EXERCISE PROMPT:
The required answer is an exact copy of every line from the beginning of the entries through the line with "- amerikai konyha", with all pictures omitted.

• • • • • • •

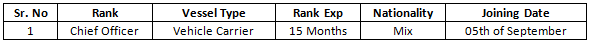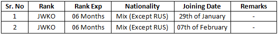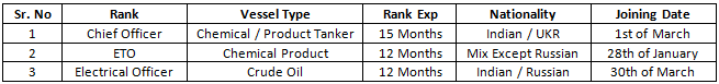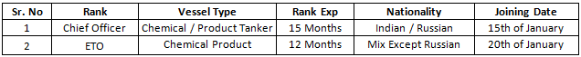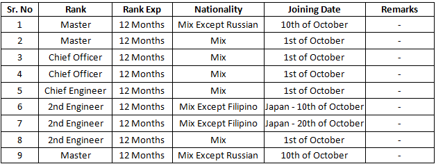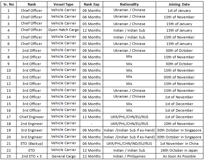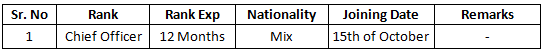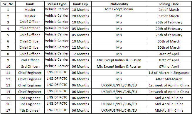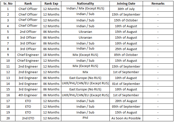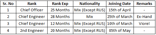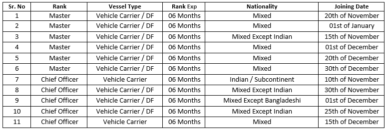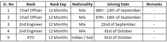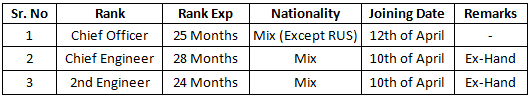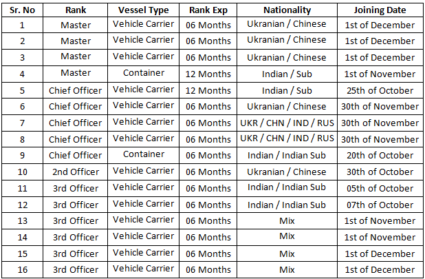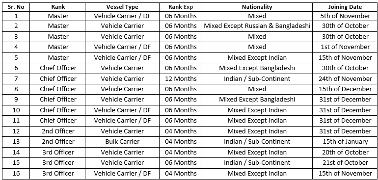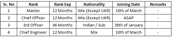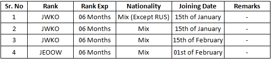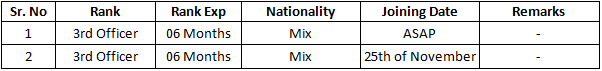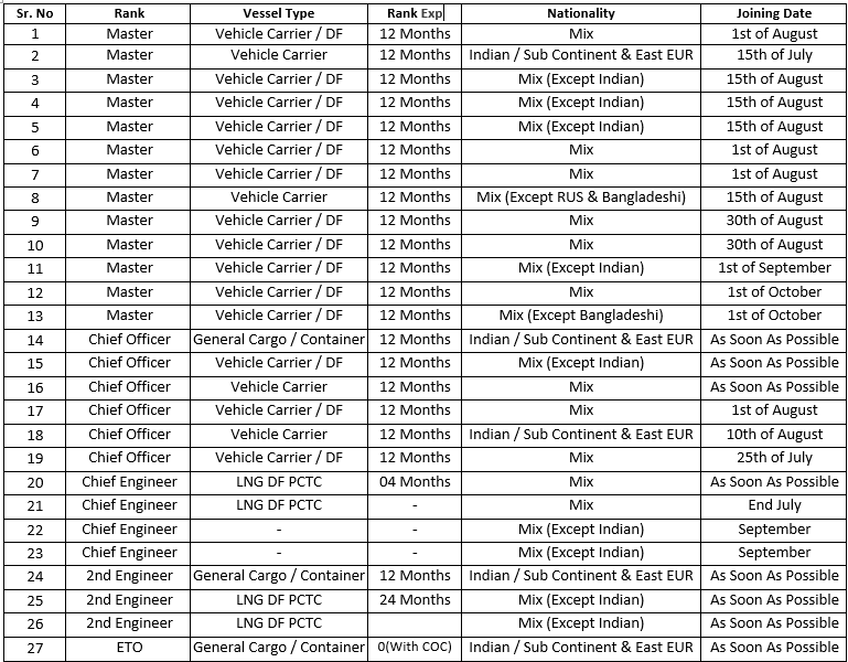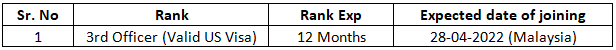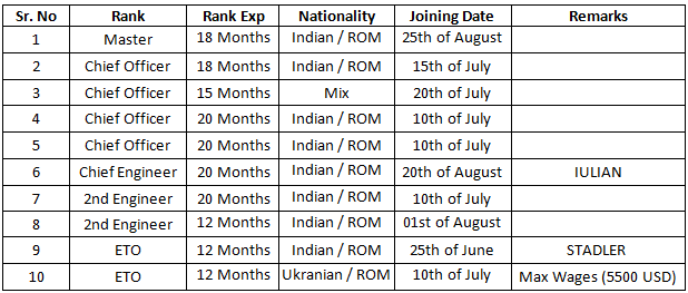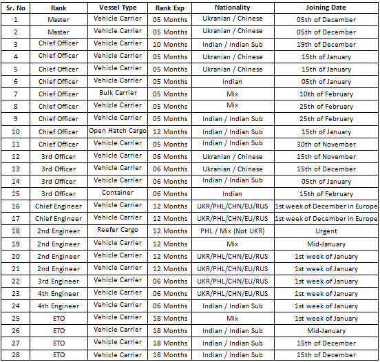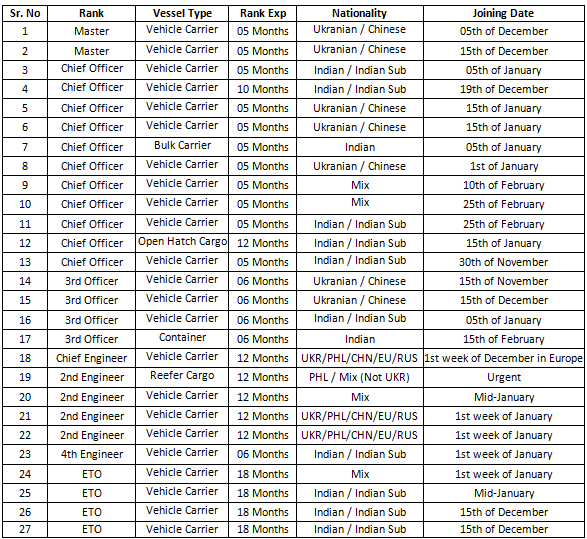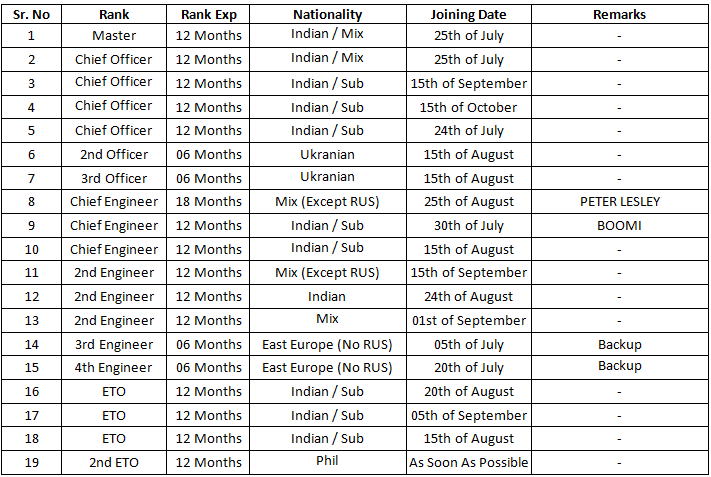 5. MT ANGLEVIKEN : Joining in January, 2018. Minimum 33 months rank experience. Should be East European.
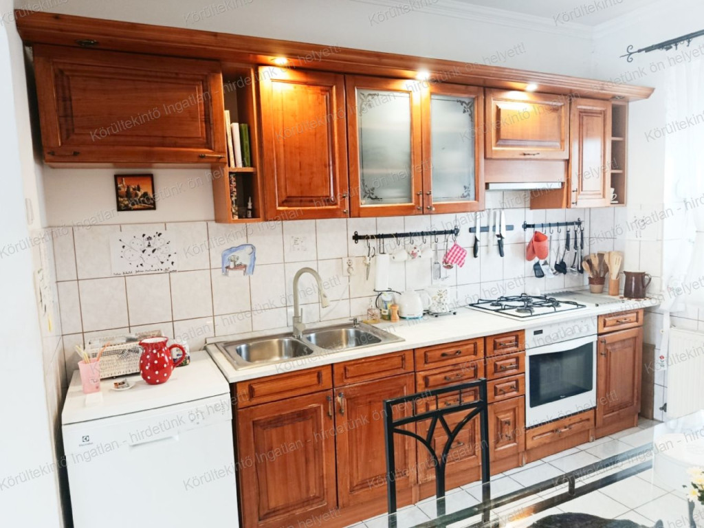 - amerikai konyha rusztikus tégla polccal (mediterrán), az árban a teljes beépített konyhabútor és a beépített eszközök, jár hozzá egy gránit mosogató, ami beépítést igényel. csempe burkolólap.
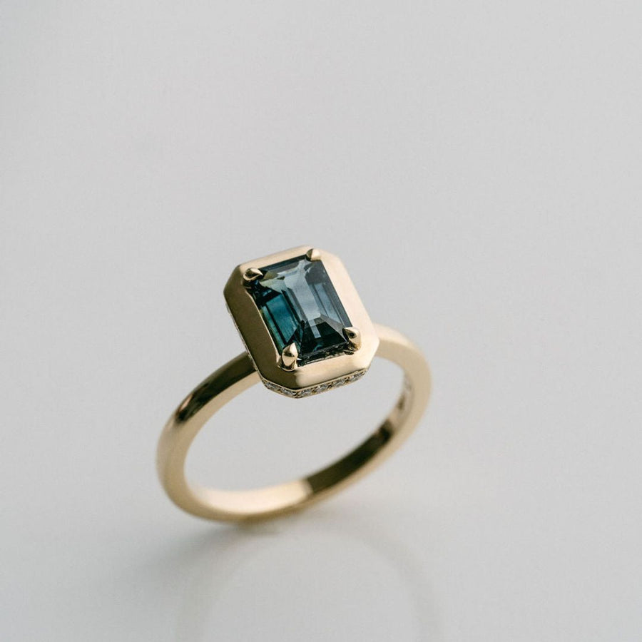 Emerald Cut Blue-Green Sapphire With Solid Gold Halo and Diamond Collar
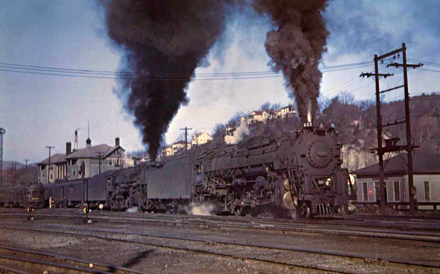 Chesapeake & Ohio 2-6-6-6 #1625 (H-8) charges out of the tunnels at Allegheny, Virginia with an eastbound coal drag on October 19, 1951. Bill Price photo. American-Rails.com collection.In the meantime, it spent the rest of the century continuing to grow with a near-limitless cash flow. On December 25, 1888 the C&O opened service to Cincinnati, Ohio following the southern bank of the Ohio River via Ashland, Augusta, and Covington, Kentucky.
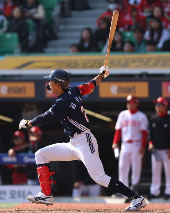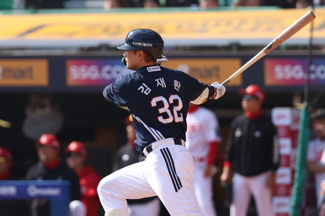 SSG는 김재환을 상대로 좌투수 김건우를 내리고 우투수 김민을 투입했다. 1구 몸쪽 공을 지켜본 김재환은 2구 가운데로 몰린 슬라이더를 놓치지 않았고 정수빈을 홈으로 불러들이는 1타점 적시타를 터뜨렸다.
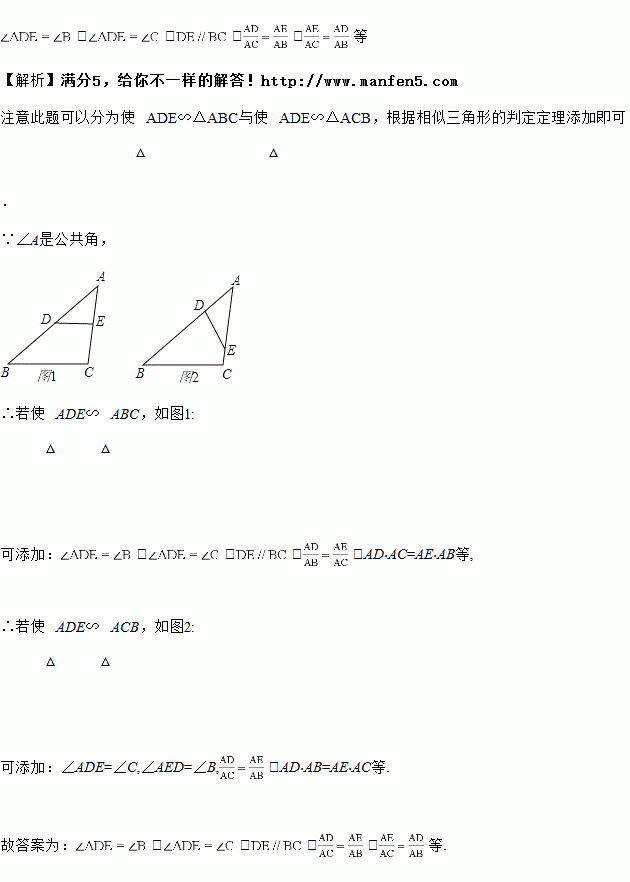 在中,点、分别在边、上,要使与相似,只须添加一个条件,这个条件可以是________(只要填写一种情况).
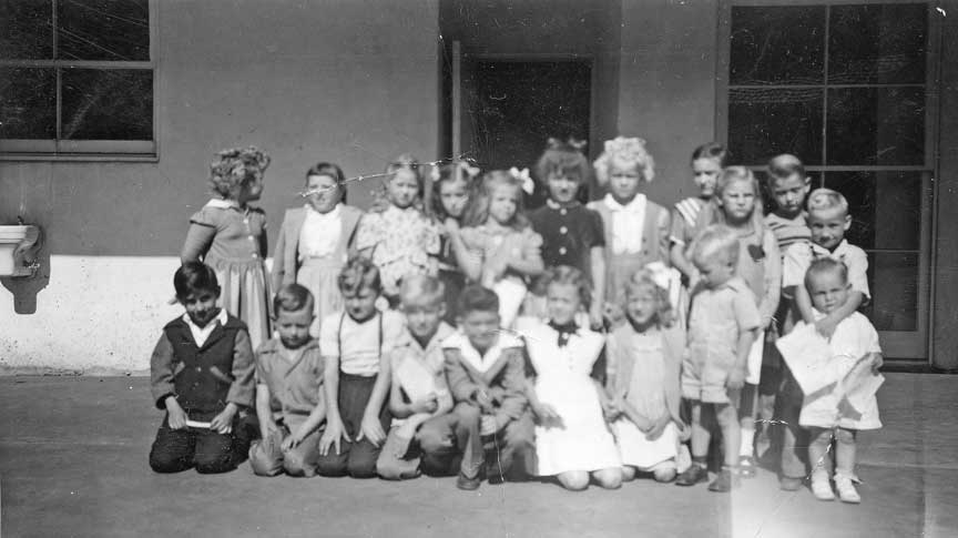 Can’t decide whether we kids are dressed-up enough for a Sunday meeting; since Primary met on a week-night, in those days and for decades to come, that would help decide.
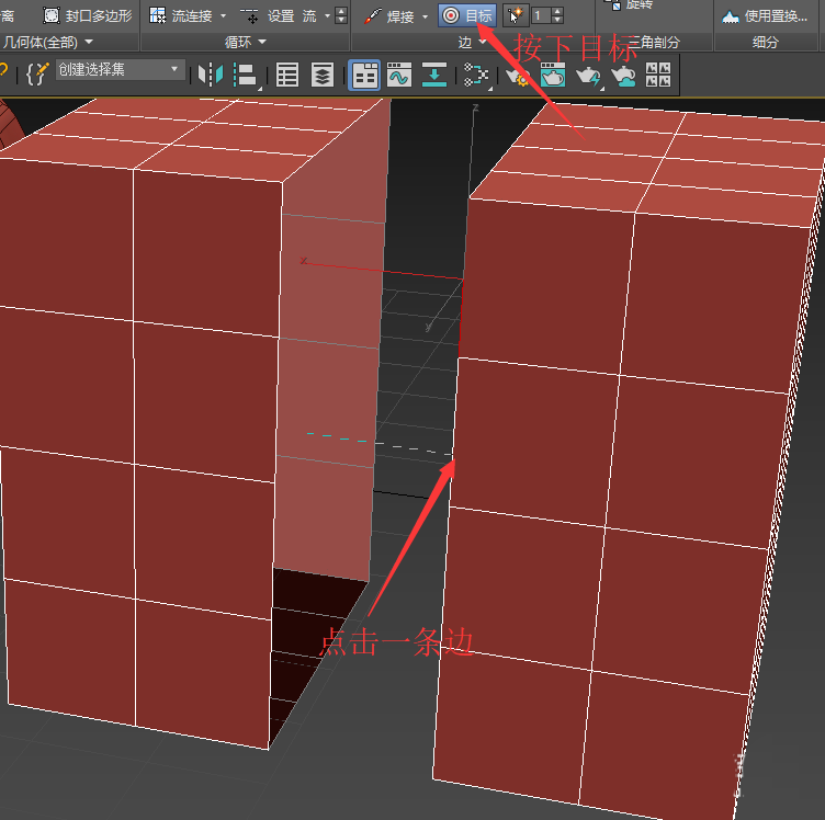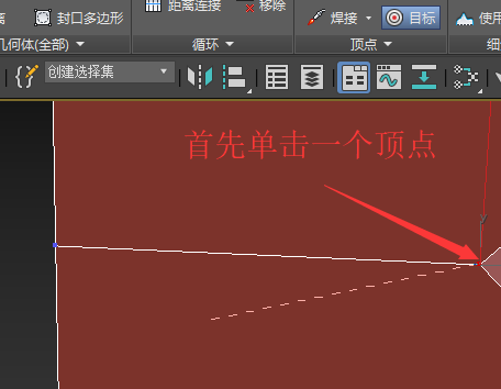 4、把一個(gè)頂點(diǎn)合并到另一個(gè)頂點(diǎn)上的辦法:目標(biāo)按鈕。按下目標(biāo)按鈕,點(diǎn)擊一個(gè)頂點(diǎn),接著點(diǎn)擊另一個(gè),第一個(gè)頂點(diǎn)會(huì)被合并到第二個(gè)頂點(diǎn)上。
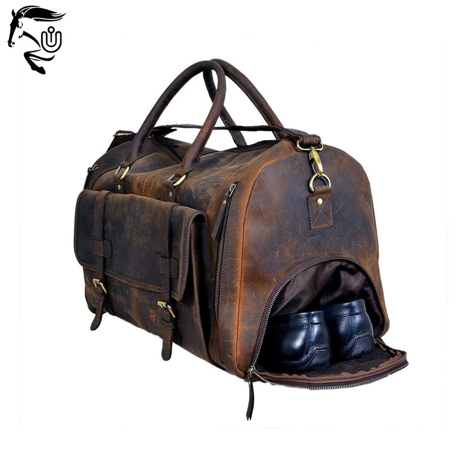 Best Quality OEM Slim Fitted Genuine Leather Duffle Bag Large Capacity Durable Multi-Functional Casual Travel Duffle Bag Zipper
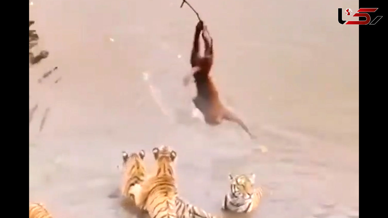 میمون ها برای به دست آوردن موز از درخت ها بالا می روند. یک میمون روی درخت موجود در رودخانه مشاهده شد که در حالی که چهار ببر میمون را از پایین درخت محاصره کرده بودند اما این میمون برای رسیدن به موز در ابتدایی ترین قسمت شاخه درخت از هیچ تلاشی دریغ نکرد. جالب است که درنهایت میمون عاشق موز ببرها را پس زد.

• • • • • • •

REPLY TO THE EXERCISE:
 5. MT ANGLEVIKEN : Joining in January, 2018. Minimum 33 months rank experience. Should be East European.
 - amerikai konyha rusztikus tégla polccal (mediterrán), az árban a teljes beépített konyhabútor és a beépített eszközök, jár hozzá egy gránit mosogató, ami beépítést igényel. csempe burkolólap.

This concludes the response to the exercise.